One of the unexpected stars of Russia’s Army-22 trade show was a robot dog dressed as a ninja and carrying an RPG-26 rocket launcher. However, the Twittersphere quickly spotted that the outfit looked like an attempt to conceal a Go-1 robot made by Chinese company Unitree, and the killer robodog was quickly labeled as a fake. But there is more going on here than you might think.
Firstly, the Russian makers of the “M-81 robot” seem to be open about the fact that they use Chinese hardware, though they say they hope to produce a Russian version. The company, Machine Intellect, is based in St. Petersburg, and says their robot dogs could transport supplies, act as scouts, and carry out attack missions.
On the face of it then, we have a company adapting commercially available robotic hardware to take on a new role, with no reason not to believe that far from being a fake, it is a viable combat platform.
But there are some red flags.
Machine Intellect does not seem to have any internet presence at all. In fact, the only reference online, apart from their appearance at Army-22, seems to be a publicity video posted last month called ‘Robot Dog Hunt’ showing exactly the same robot supposedly stalking two soldiers in a forest. The company has no visible background or track record in this area.
Independent Russian newspaper The Insider notes that Intellect Machines was only registered as a company in April this year, with a legal address at a residential property. They note that the CEO, Alexey Aristov, “previously acted as a director and head of firms that the tax service liquidated, recognizing as inactive.”
Meanwhile Russian technology news site IBXT reports that the M81 is priced at 1 million rubles ($16,000). This is interesting because the Unitree Go-1 only costs about $2,700.
This sounds remarkably similar to what happened during the production of Russia’s Orlan-10 drones. It turned out that the Russian suppliers were buying Chinese electronics cheaply, then selling them to the Russian army at vastly inflated prices.
“There is no question at all that someone stole 446 million rubles,” according to an investigation into the affair published in 2021.
So the rocket-toting robot dog looks less like Russia trying to impress the world with its advanced technology, and more like Russian defense contractors engaged in their customary occupation of trying to get the military to pay outrageously inflated prices for off-the-shelf technology.
However, there is a more serious issue. The Ukraine conflict has seen the large-scale use of bomber drones, consumer quadcopters adapted to drop improvised munitions made from grenades. Ukraine in particular has made effective use of this technology, and their drone operators are good enough to drop grenades through open vehicle hatches and into trenches. They even use racing drones as loitering munitions able to strike through open windows and doorways.
If you can put a grenade on a commercial Chinese drone and get a new capability, can you stick a weapon on a commercial Chinese robot for a similar benefit?
The question was been partially answered by YouTube channel I Did A Thing fronted by Alex Apollonov, in an episode where he fitted a Unitree robot dog with an assault rifle. Their setup had the weapon high above the robot’s center of gravity, so it had real trouble dealing with the recoil, which kept knocking it over during sustained firing.

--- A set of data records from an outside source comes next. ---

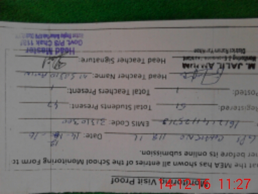 | Attendance Register | Head Teacher | MEA with School | Visit Proof |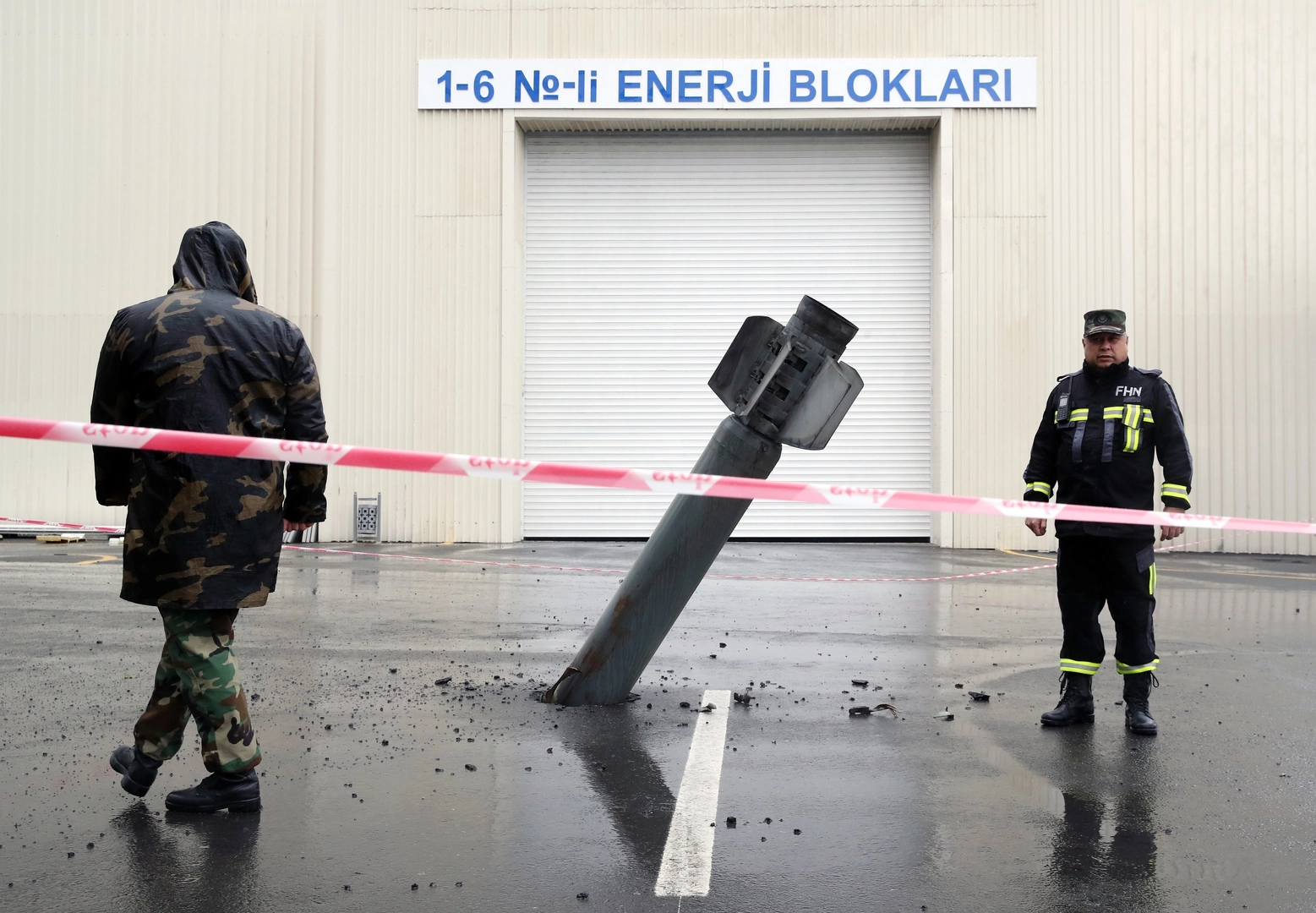 Нагорный Карабах. Хвостовой элемент снаряда реактивной системы залпового огня (РСЗО) «Смерч» у энергоблока Мингечевирской ГЭС.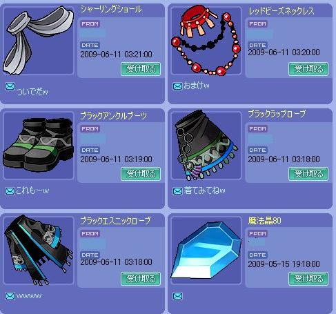 右下の課金昌は自分で送ったもの。使い道が思い出せないw80とか使い道が確実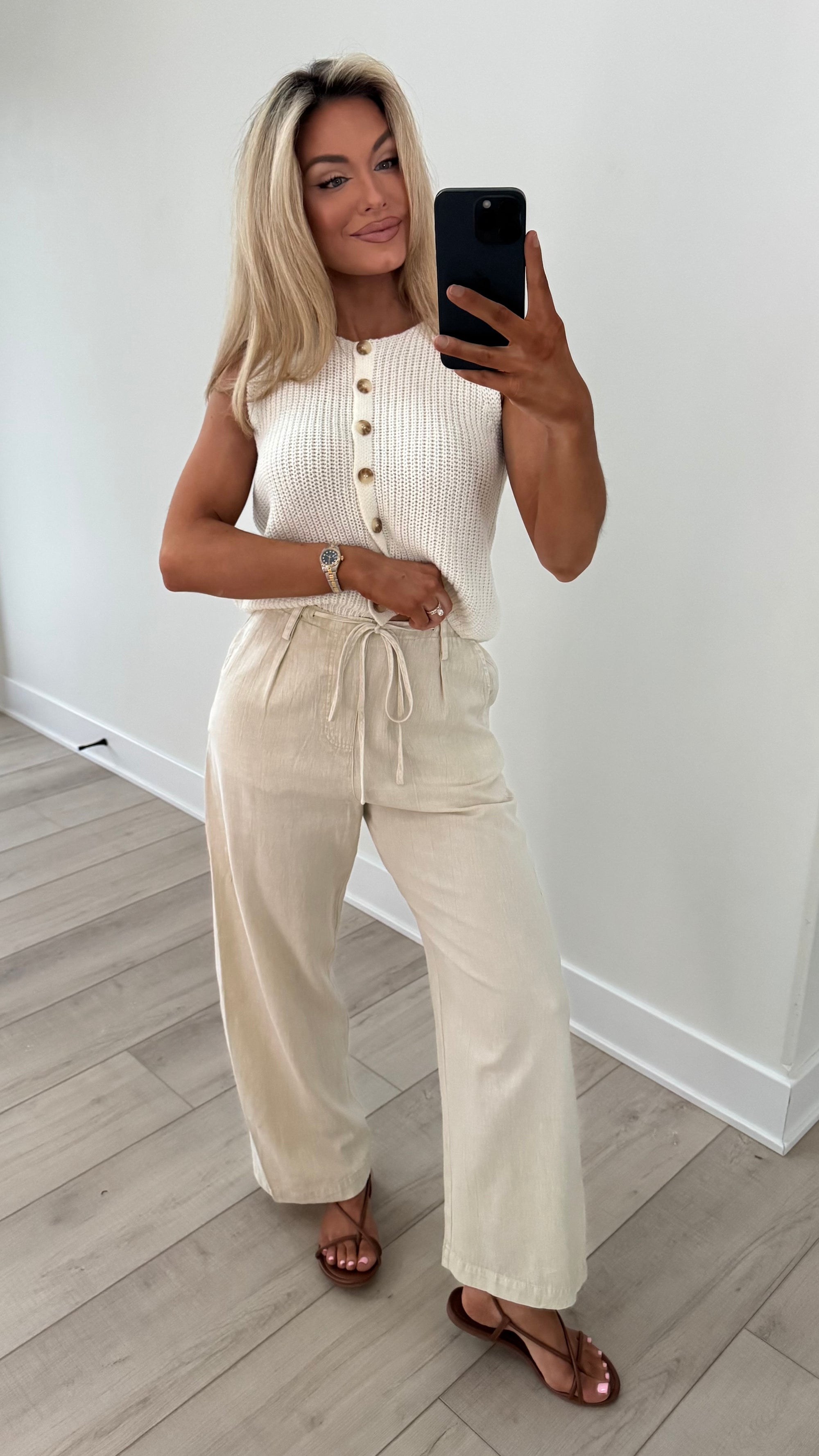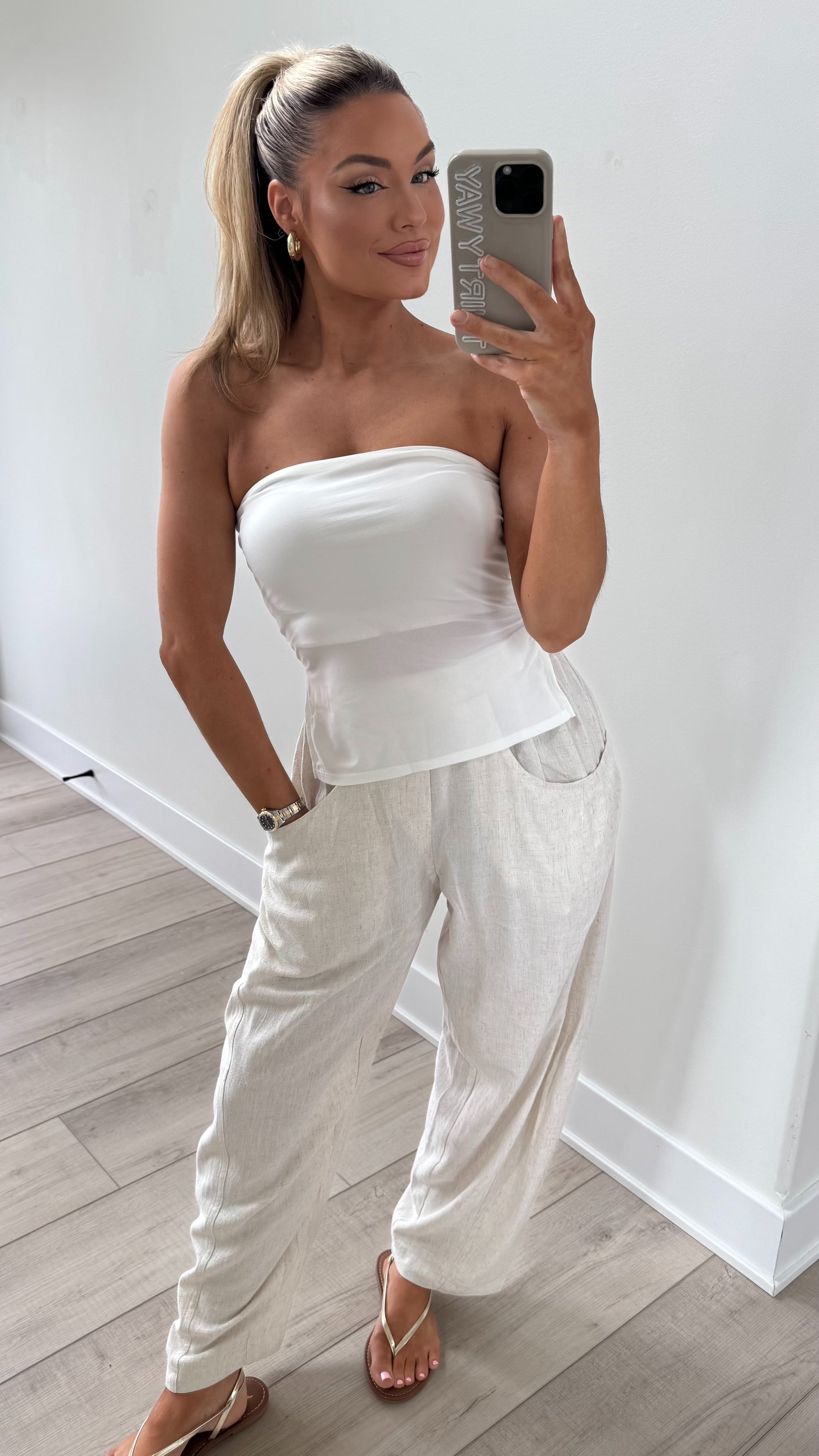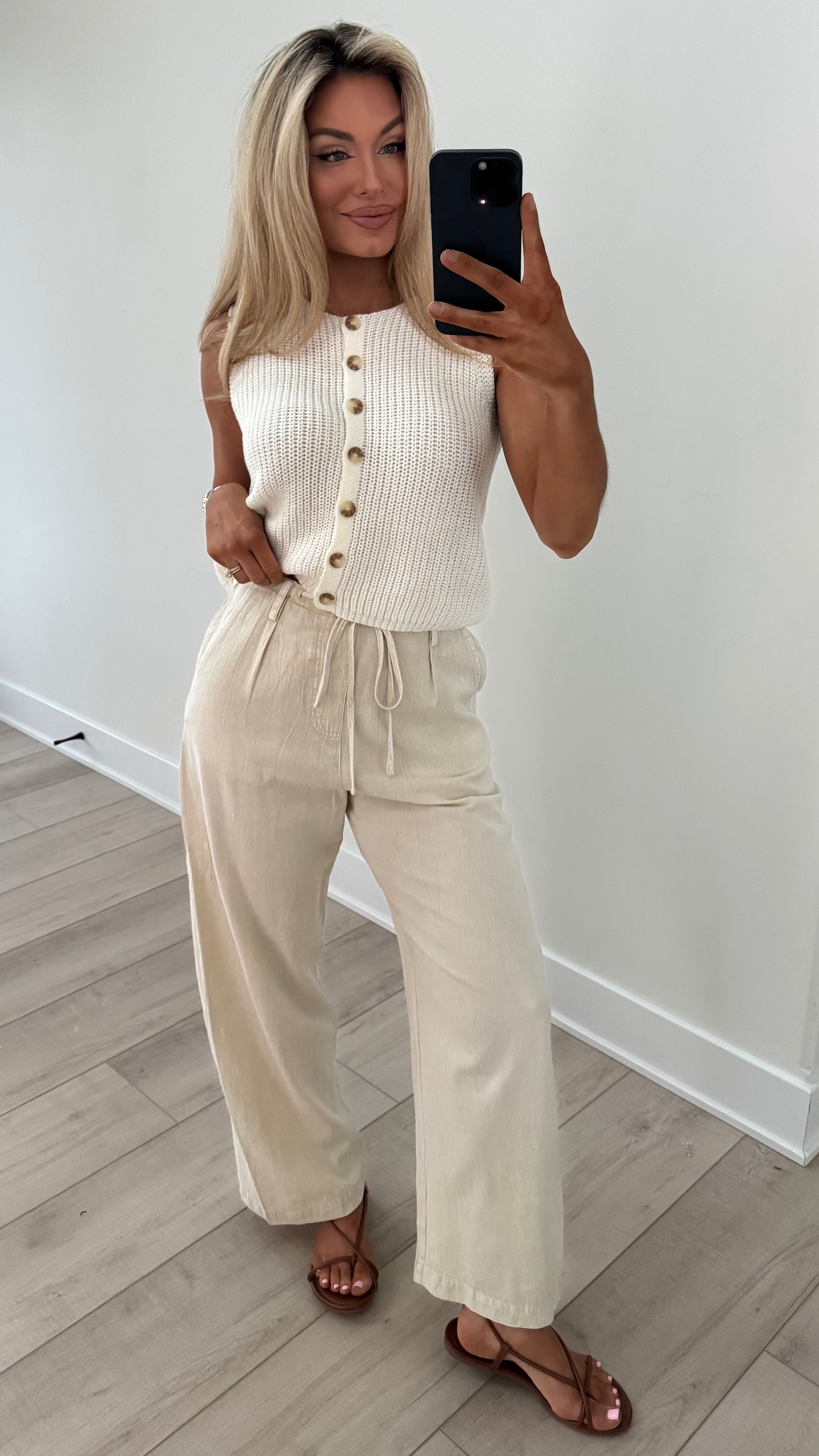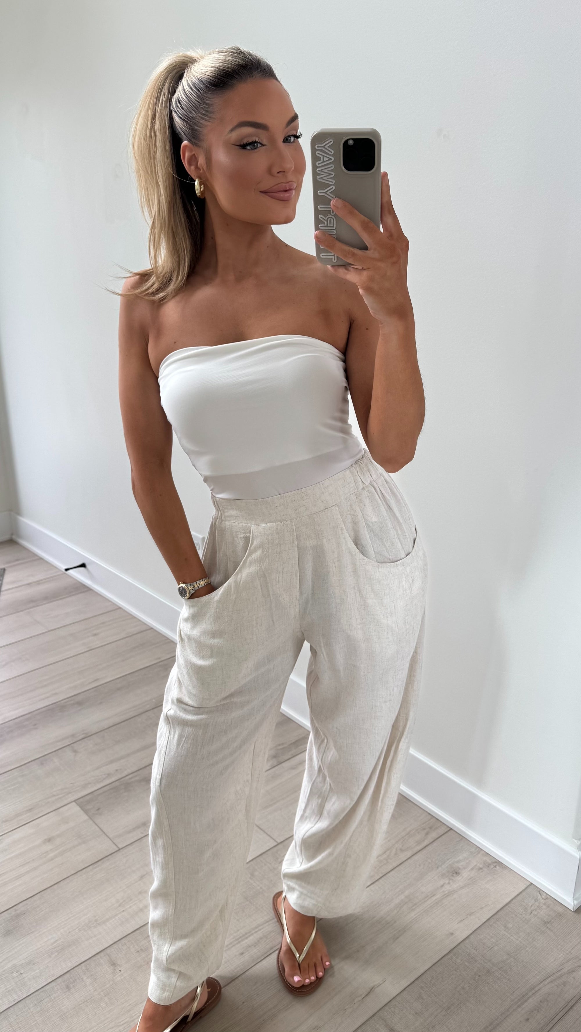 STRIPED WIDE LEG LINEN PANTS OATMEAL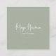 A sleek and stylish square business card featuring a solid and elegant soft sage green background with botanical vibes with your name or company name in an elegant signature script. Fully customizable to match your brand identity—edit the background colour, text, and logo effortlessly.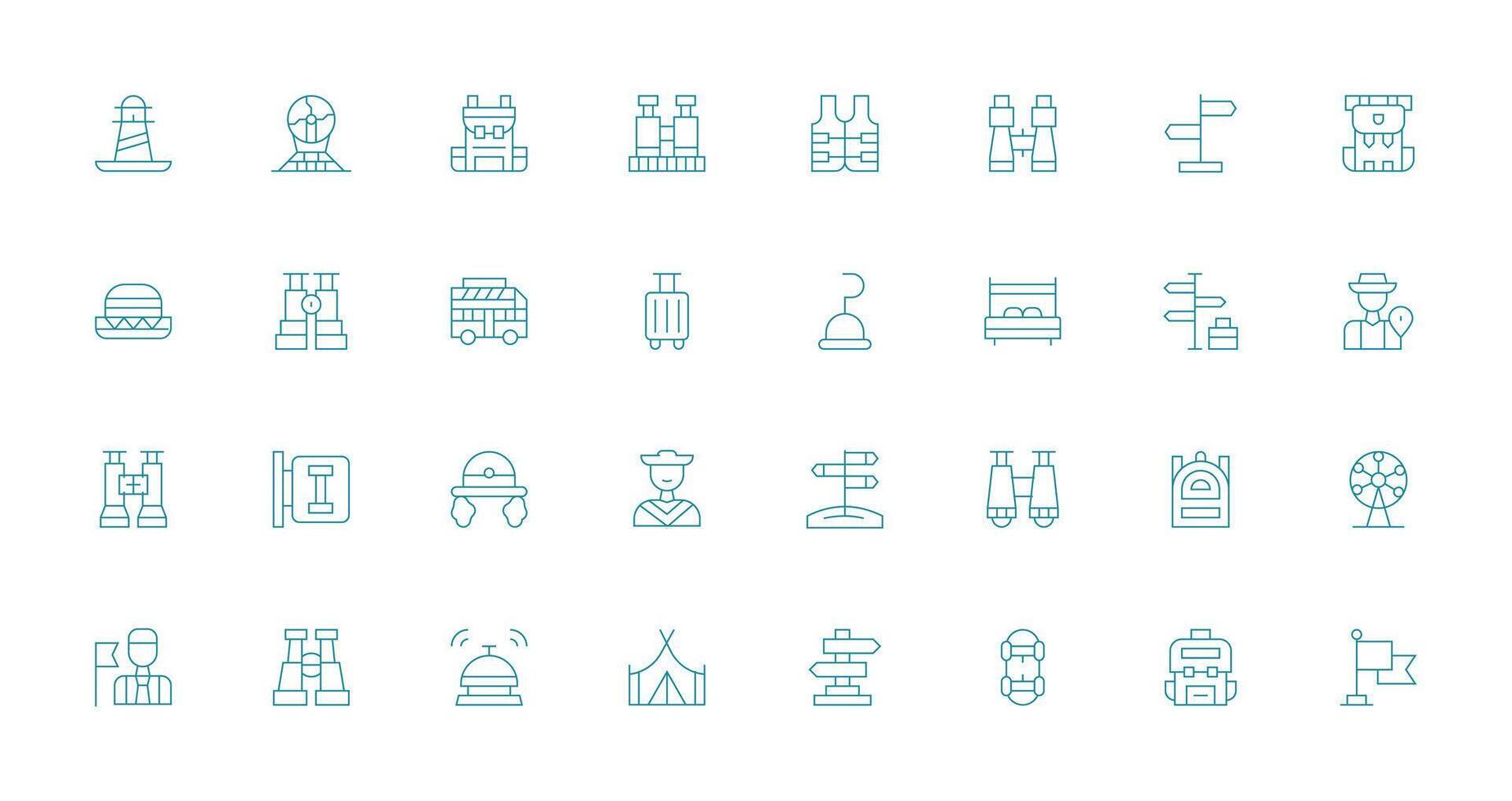Tourist Visual Pack containing 32 Thin Line Icons Minimal Icon Set for Interface Projects vector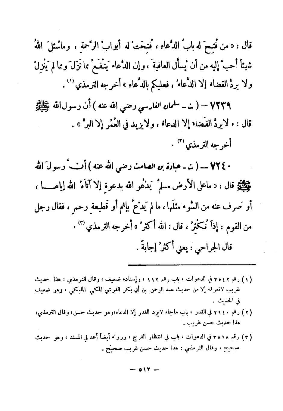 7239 - (ت) سلمان الفارسي - رضي الله عنه - أن رسولَ الله - صلى الله عليه وسلم- قال: «لا يردُّ القَضاءَ إلا الدُّعاءُ، ولا يزيد في العُمُر إلا البرُّ» .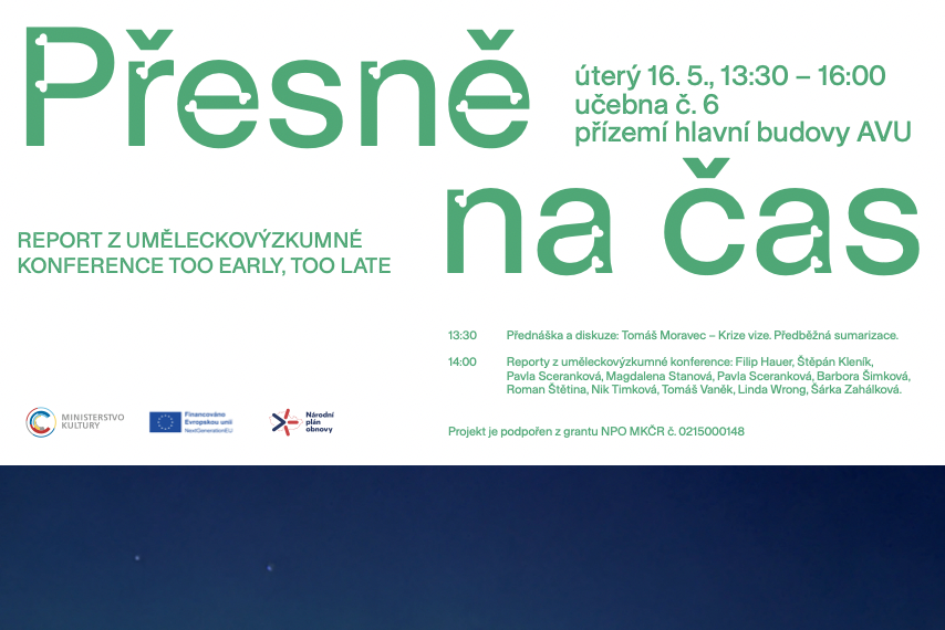 Přesně na časReport z uměleckovýzkumné konference Too Early, Too Late 16. května 2023 od 14:30uč. 6, AVU, U Akademie 4, Praha 7
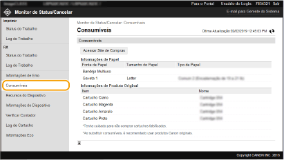 O tamanho do papel e tipo de papel da fonte de papel, número de modelo de cartucho de toner, etc., são exibidos. Também é possível clicar em [Verificar Detalhes de Consumíveis] na página do Portal (página principal) para exibir esta página (Tela da Interface Remota).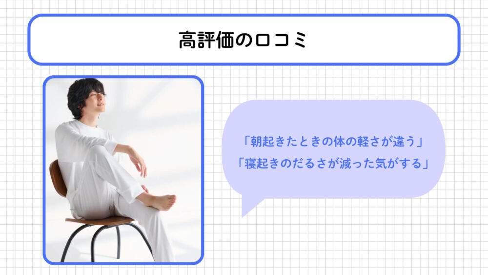 「朝起きたときの体の軽さが違う」「寝起きのだるさが減った気がする」といった、睡眠の質に関する前向きな口コミも多く寄せられています。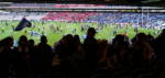 Hier sieht man, wie sich die Spielflaeche langsam mit Fans fuellt.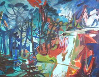 Öl/Rupfen., „Montagnola I“, mittig monogr und dat (19)61, verso sign, betitelt sowie dat., verso Ausstellungsetikett Haus der Kunst/München 7. Juni – 1. Oktober 1961, 80 x 100 cm, HR der Zeit dazu Rechnung Museum Allerheiligen Schaffhausen 1966 sowie Dankesbrief des Künstlers in Kopie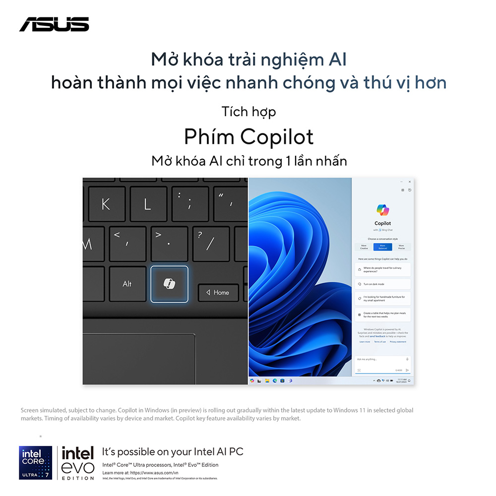 Laptop ASUS Vivobook S 14 OLED S5406SA-PP059WS (Intel Core Ultra 7 258V | 32GB | 1TB | Intel Arc | 14 inch 3K OLED | Win 11 | Office | Xanh)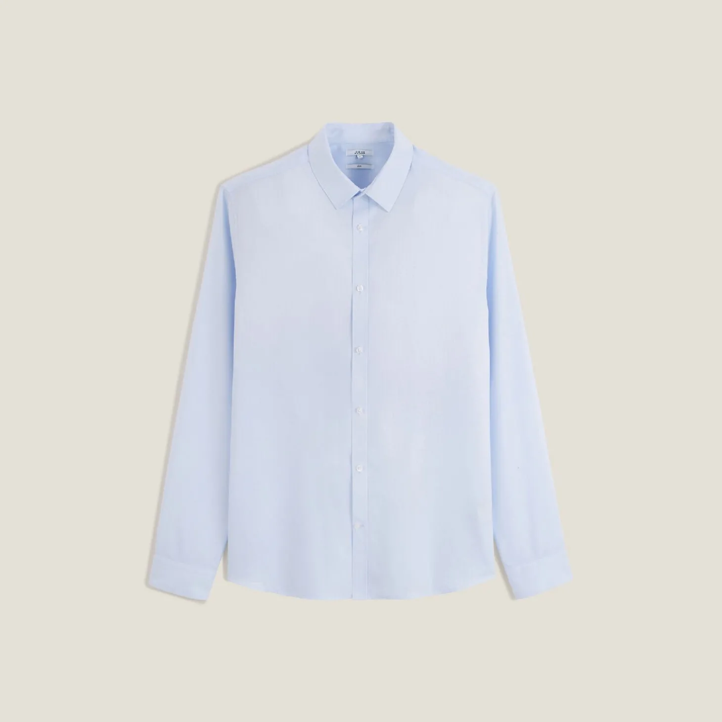 Dit effen hemd is uitgevoerd in katoen met een was die soepelheid en comfort biedt. Hij is ideaal voor een relaxte look.

“The dog really can’t handle the gun and always ends up on the ground,” Apollonov concludes.
The weapon is extremely inaccurate even at very short range and Apollonov suggests that the setup is not practical. However, the test may have been arranged more for comic effect than a serious study of effectiveness. Burst firing is always going to be inaccurate and create a lot of recoil, and the jury-rigged design looks inefficient.
A more serious effort to mount a sniper weapon on a robot dog in the U.S. – a Ghost Robotics platform with a 6.5mm rifle pod from Sword Defense — is reportedly accurate at several hundred meters.
In any case, a rocket launcher, which does not produce recoil, will cause less trouble for a lightweight platform. Nammo recently showed off their seven-pound M72 rocket launcher being test fired from a small drone, so firing one from a robot dog may not to be too difficult.
Unlike a drone, the robot dog offers the possibility of crawling forward into an ambush location and staying there for several hours, while the operator stays well back. Quadruped robots like Boston Dynamics’ Spot, the Ghost Robotics machines currently being tested by the U.S. military and others are favored over wheels or tracks for their mobility over rough terrain….but the Chinese version is likely to be cheaper.
Robot dogs with rocket launchers may well turn up on the battlefield in the near future. But do not expect Russia to be early adopters. Given their proficiency with drones, it seems more likely Ukrainians will be using them against the Russian first.